TIFAB is 161 amino acids in length and also contains the FHA domain flanked by short N- and C-terminal sequences. TIFAB garnered interest because of its location on the commonly deleted region of chromosome 5q (del(5q)) in AML and MDS [
] found that, like TIFA, the key amino acid residues mediating effects on TRAF6 lie in the C-terminus of TIFAB. However, in stark contrast to TIFA, disrupting this C-terminal domain of TIFAB de-repressed TRAF6 and instead prevented TIFAB-mediated inhibition of NF-κB signaling (Figure 2A). Further mechanistic studies solidified these observations, revealing that TIFAB can bind TRAF6, inhibit TRAF6 protein levels, and ultimately impinge on downstream signaling events, including the activation of NF-κB signaling. Binding of TIFAB to TRAF6 occurs in the cytoplasm and across multiple model systems, including normal and leukemic hematopoietic cells. However, unlike TIFA, TIFAB does not appear to bind or regulate TRAF2, as it affects neither TRAF2 protein levels nor TRAF2-induced NF-κB activation [
]. Despite their sequence similarities, TIFA mediates TRAF6-induced NF-κB signaling, while in contrast, TIFAB suppresses TRAF6-induced NF-κB signaling.

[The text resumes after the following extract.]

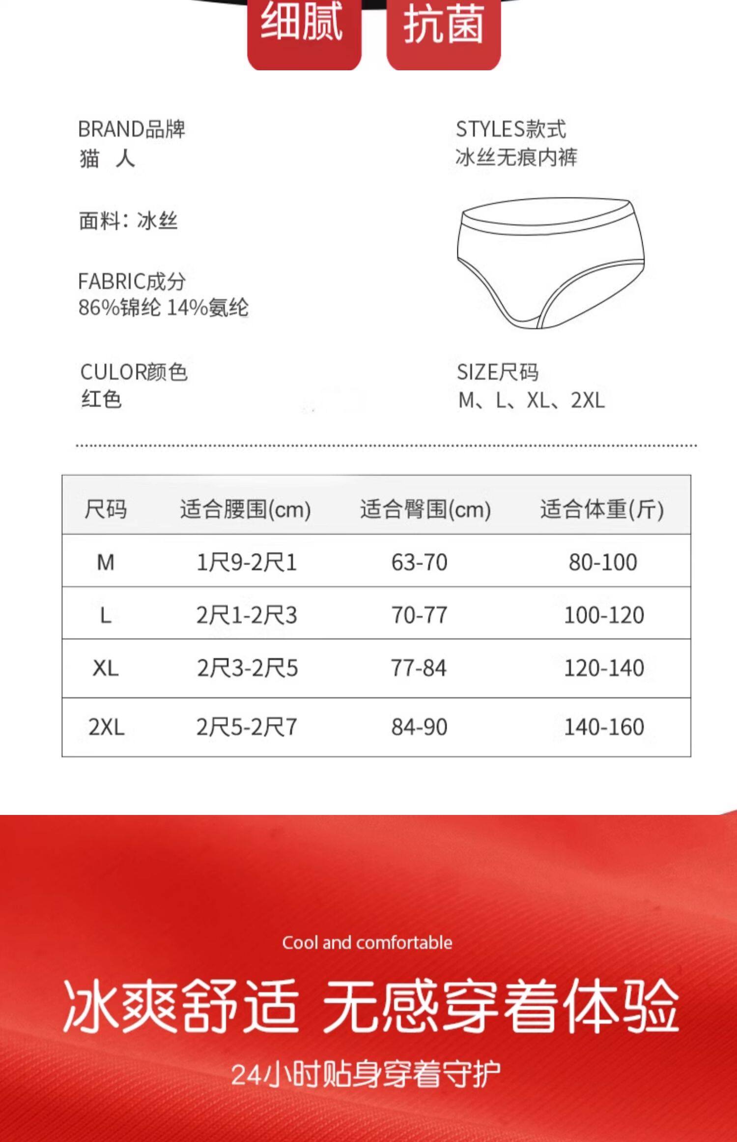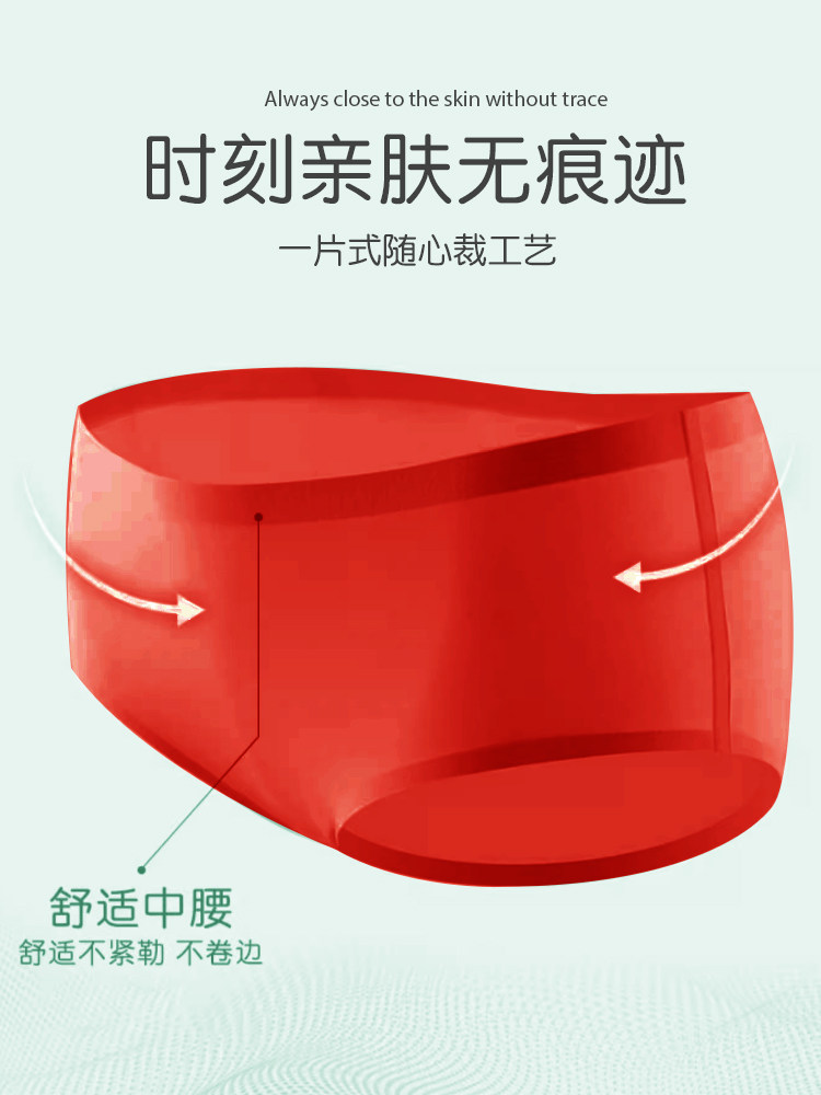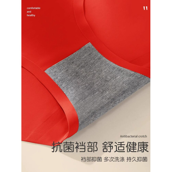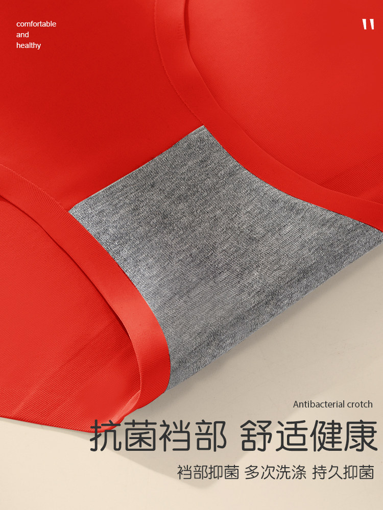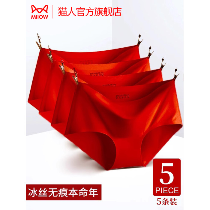 貓人大紅色本命年內褲女士夏季薄款冰絲無痕中腰少女生結婚三角褲

To gain additional insight into the functional role of TIFAB in del(5q) MDS/AML, a proteomics screen was performed to identify TIFAB-binding proteins. Mass spectrometry analysis confirmed that TIFAB binds endogenous TRAF6 in a human del(5q) AML cell line, but these studies also revealed that TIFAB readily binds the ubiquitin-specific peptidase USP15 [
]. A series of biochemical assays and co-immunoprecipitation experiments confirmed that TIFAB binds USP15, and this appears to be partly dependent on the deubiquitinating (DUB) activity of USP15. USP15 harbors histidine and cysteine residues in its C-terminal hydrolase domain [
]. TIFAB exhibited a preference for binding active USP15 enzyme rather than its inactive cysteine mutant. Moreover, TIFAB likely binds the C-terminal hydrolase domain of USP15, thus placing the binding of TIFAB near the DUB active site. Cell-free DUB assays indicated that TIFAB further promotes the DUB activity of USP15. Collectively, these studies revealed that FHA domain–containing proteins, which typically mediate protein–protein interactions, are capable of fine-tuning the activity of a deubiquitinating enzyme. Although several reports have identified phosphorylated threonine residues on USP15 [
], future studies will be required to dissect the degree of involvement of the TIFAB FHA domain in mediating these interactions.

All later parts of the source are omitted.